**Task statement**: Locate "l'esposizione dello Spad" in the data below, then output the line it is on and all following lines through the last, word for word. Skip any pictures.

***** Entries shown

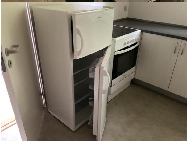
Kølefryseskab, 2 stk.
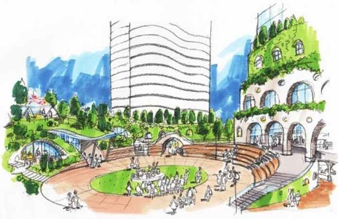
森と多機能広場のイメージ
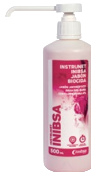
Limpieza de manos
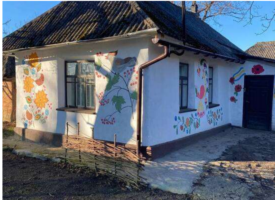
Рисунок 2.1 – Облаштування равликової ферми

Ферма «ЕпіРавлик» відкрилася для відвідувачів у червні 2021 року, що ознаменувало початок її першого туристичного сезону. На території ферми знаходиться відреставрована столітня українська хата, яка слугує місцем для відпочинку та є чудовою локацією для фотосесій. Крім цього, облаштовано кілька унікальних фотозон, які також користуються великою популярністю серед гостей (рисунок 2.1).
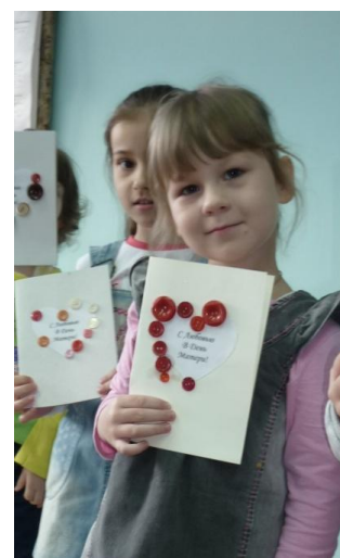
Творческая открытка учащихся Группы раннего эстетического развития
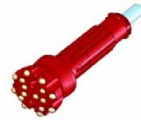
Cubex #21 Pin mit Spline

ROCKMORE INTERNATIONAL Rock Drilling Tools
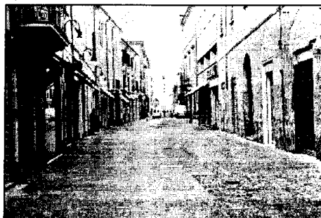
Una veduta di via Baracca in cui è sita la casa

l'esposizione dello Spad VII, l'aereo di Francesco Baracca, simbolo delle sue imprese aviatorie, di recente restaurato, ora l'Amministrazione Comunale intende valorizzare l'intero complesso edilizio risalente agli ultimi anni del 1800, recuperandolo a sede museale permanente. Il progetto complessivo, per una spesa di circa un miliardo, prevede il restauro e la ristrutturazione del corpo principale dell'edificio, dell'ala meridionale e settentrio-
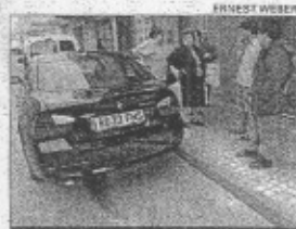
Coché sobre el que cayó la niña

Una niña de tres años de edad sufrió ayer heridas muy graves tras precipitarse al vacío desde su domicilio, ubicado en un tercer piso, y caer sobre un coche.
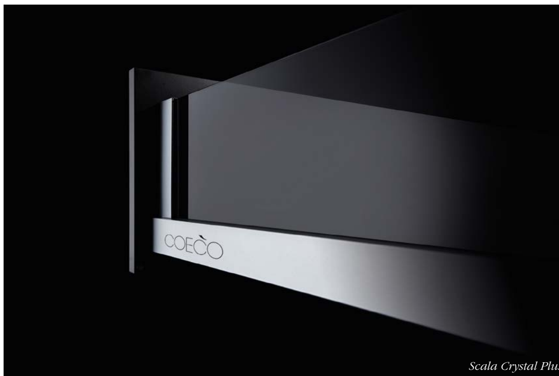
Scala Crystal Plus

**********

**Solution for this task**:
l'esposizione dello Spad VII, l'aereo di Francesco Baracca, simbolo delle sue imprese aviatorie, di recente restaurato, ora l'Amministrazione Comunale intende valorizzare l'intero complesso edilizio risalente agli ultimi anni del 1800, recuperandolo a sede museale permanente. Il progetto complessivo, per una spesa di circa un miliardo, prevede il restauro e la ristrutturazione del corpo principale dell'edificio, dell'ala meridionale e settentrio-
Coché sobre el que cayó la niña

Una niña de tres años de edad sufrió ayer heridas muy graves tras precipitarse al vacío desde su domicilio, ubicado en un tercer piso, y caer sobre un coche.
Scala Crystal Plus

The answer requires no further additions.